----- DATASET EXTRACT -----

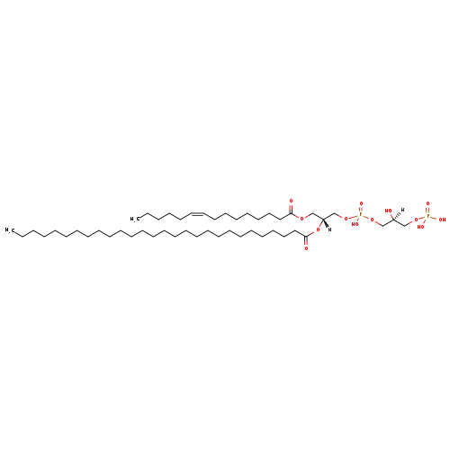 | YMDB12063 | 2-MLCL(15:0/16:0/26:0/0:0) | [(2R)-3-({[(2R)-3-(hexacosanoyloxy)-2-hydroxypropoxy](hydroxy)phosphoryl}oxy)-2-hydroxypropoxy][(2R)-2-(hexadecanoyloxy)-3-(pentadecanoyloxy)propoxy]phosphinic acid | C66H130O16P2 1241.698 | |
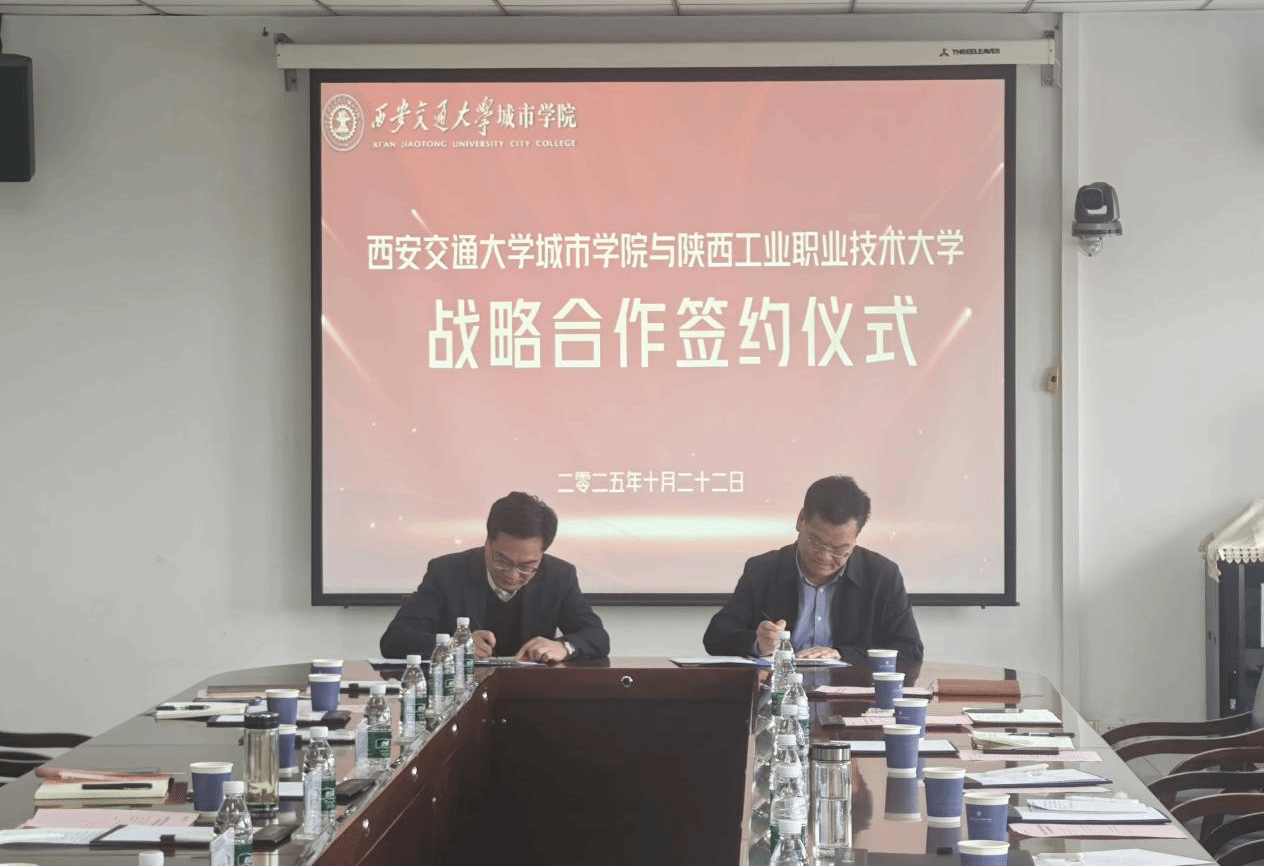 10月22日上午,我校校长刘永亮,党委副书记贺天柱,相关部门和二级学院一行14人赴西安交通大学城市学院交流座谈,并签署框架协议。此次合作旨在深化产教融合,推动应用型本科教育与职业教育的协同创新,为区域人才培养注入新动能。会议由交大城市学院副校长朱旭主持,校长王永泉教授和相关部门参加座谈。
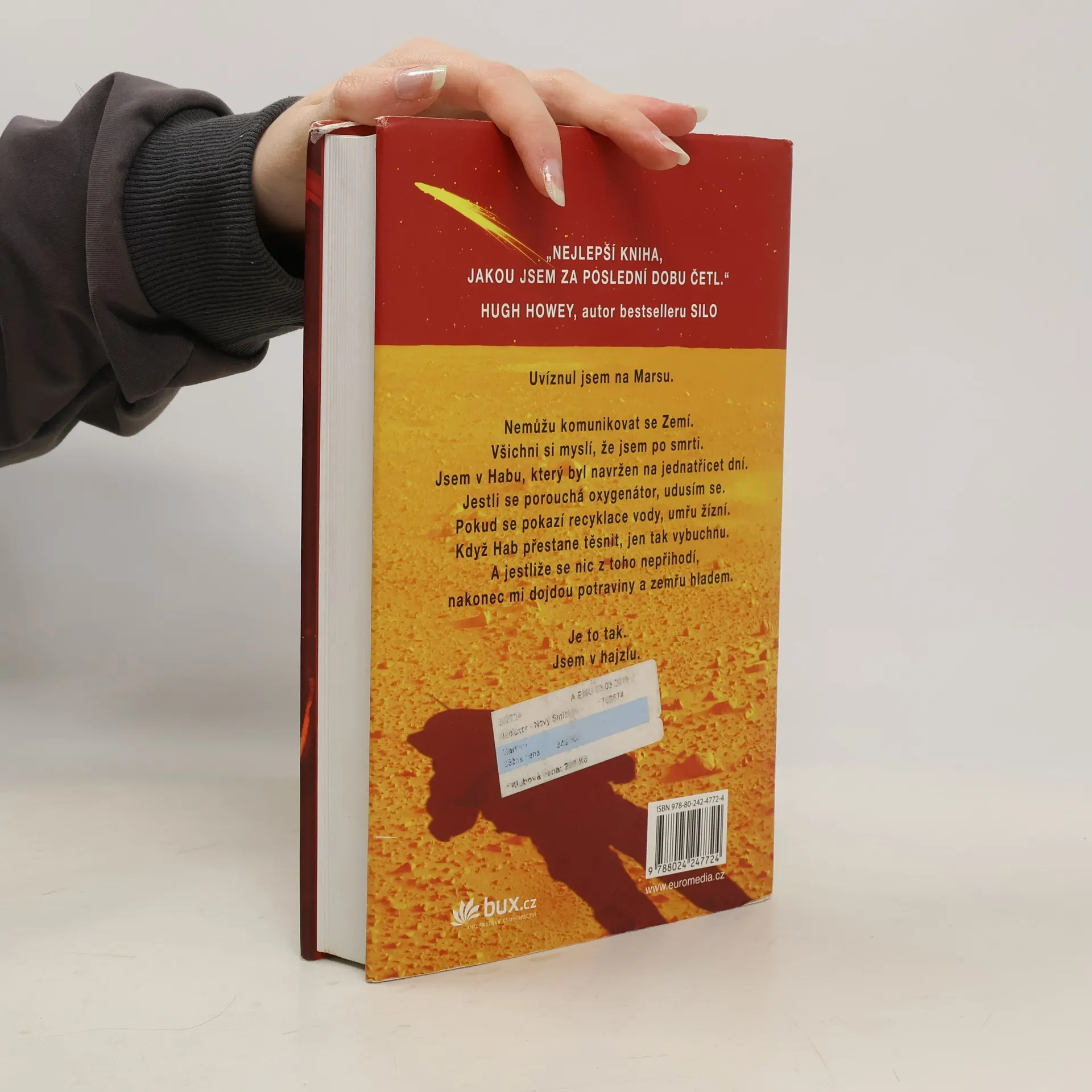 Je nejslavnějším mužem na Zemi. Má to však háček: není na Zemi… Před šesti dny se Mark Watney jako jeden z prvních lidí prošel po Marsu. Teď je přesvědčený, že bude prvním člověkem, který tam zemře. Málem zahynul v prašné bouři a zbytek jeho posádky odletěl v domnění, že je mrtvý. Mark nemá jak odeslat zprávu, že přežil. A i kdyby se s lidmi na Zemi spojit dokázal, zásoby mu dojdou mnohem dřív, než by stačila dorazit pomoc. Mark se však nevzdává. Vyzbrojen pouze svým důvtipem, technickými dovednostmi a nevyčerpatelným smyslem pro humor, který se pro něj stane nejcennějším zdrojem síly, se pouští do tvrdošíjného boje o přežití. Jak zdolává jednu zdánlivě nepřekonatelnou překážku za druhou, začíná věřit, že by na cizí planetě přece jen mohl obstát. Jenže Mars mu ještě přichystá nejedno překvapení… Strhující, podmanivý a přesvědčivý příběh o lidské nezdolnosti a vynalézavosti tváří v tvář beznadějné situaci obletěl celý čtenářský svět a ve všech zemích, kde vychází, sklízí nadšený ohlas. Zaujal i filmové tvůrce, režisér Ridley Scott točí adaptaci s Mattem Damonem v hlavní roli.

-----

GOAL OF THE EXERCISE
What is needed is the exact run of lines from the start of the data through the line with "10月22日上午,我校校长刘", both ends included, minus the pictures.

RESULT FOR THIS EXERCISE
 | YMDB12063 | 2-MLCL(15:0/16:0/26:0/0:0) | [(2R)-3-({[(2R)-3-(hexacosanoyloxy)-2-hydroxypropoxy](hydroxy)phosphoryl}oxy)-2-hydroxypropoxy][(2R)-2-(hexadecanoyloxy)-3-(pentadecanoyloxy)propoxy]phosphinic acid | C66H130O16P2 1241.698 | |
 10月22日上午,我校校长刘永亮,党委副书记贺天柱,相关部门和二级学院一行14人赴西安交通大学城市学院交流座谈,并签署框架协议。此次合作旨在深化产教融合,推动应用型本科教育与职业教育的协同创新,为区域人才培养注入新动能。会议由交大城市学院副校长朱旭主持,校长王永泉教授和相关部门参加座谈。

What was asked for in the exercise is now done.